Caerhendy
- Mast height: 10 metres (33 ft)
- Coordinates: 51°36′23″N 3°46′23″W﻿ / ﻿51.606292°N 3.773067°W
- Grid reference: SS772912
- Built: 1980s
- Demolished: 2010
- Relay of: Wenvoe
- BBC region: BBC Wales
- ITV region: ITV Cymru Wales

= Caerhendy transmitting station =

The Caerhendy television relay station was sited at Caerhendy in the Afan Valley, a few kilometres north of Junction 40 on the M4 motorway at Port Talbot. It was originally built in the 1980s as a fill-in relay for UHF analogue television. It was sited at the clubhouse of the football ground at Ynys Park and consisted of a mere 3 m aluminium mast carrying a vertically stacked yagi array. The transmitter served roughly 50 houses in Caerhendy, about 500 m across the valley to the east, which was unable to receive a signal from Mynydd Emroch transmitter just to the south.

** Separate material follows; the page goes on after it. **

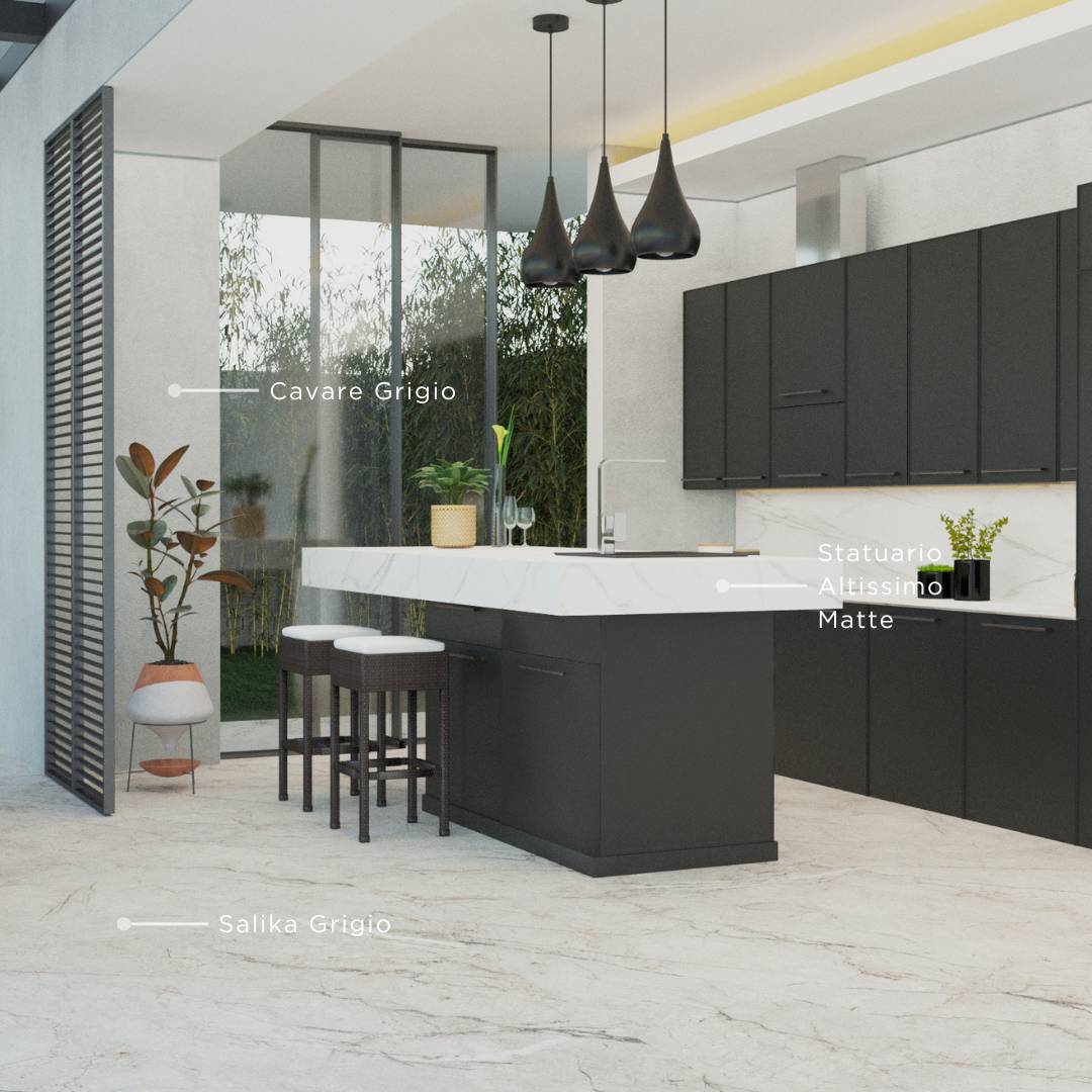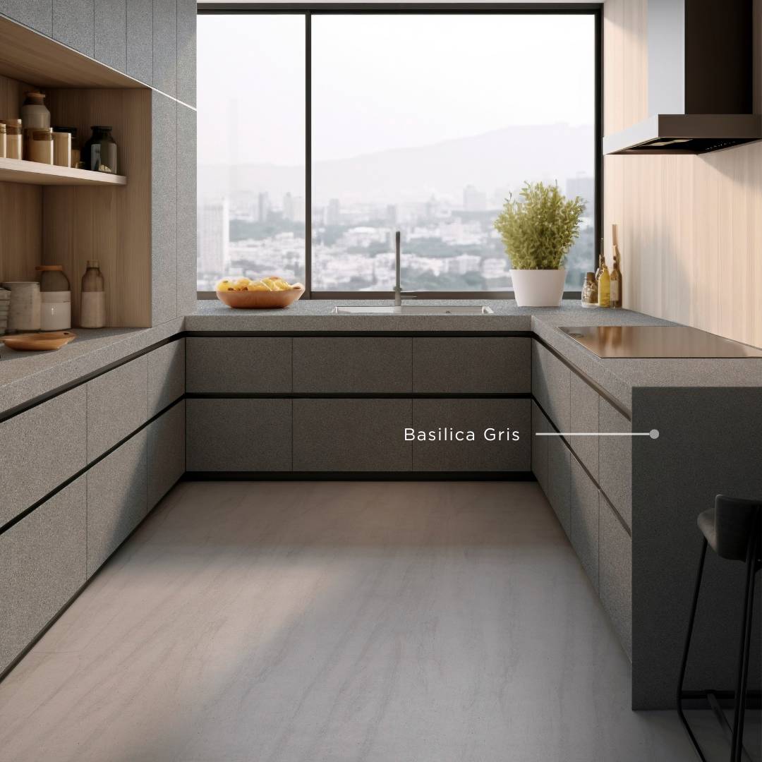 Untuk memberikan kesan industrial yang lebih autentik, pilih dominan finishing matte untuk berbagai elemen dalam desain dapur gaya industrial minimalis Anda. Finishing matte memberikan tampilan yang tidak mengkilap, sehingga lebih menonjolkan kesan industrial yang simpel dan raw. Finishing ini dapat Anda temukan pada QUADRA Basilica Gris yang dapat diterapkan pada kabinet, meja, hingga dinding dapur.

Alltwen transmitter re-radiated a signal received off-air from Cwmafan about 2 km further to the northeast, itself a relay of Wenvoe. It was possibly the lowest ERP officially provided TV relay in the UK, radiating just 0.5 W on each of its four UHF channels.

When it arrived, the digital switchover process rendered Caerhendy redundant. It is no longer in service.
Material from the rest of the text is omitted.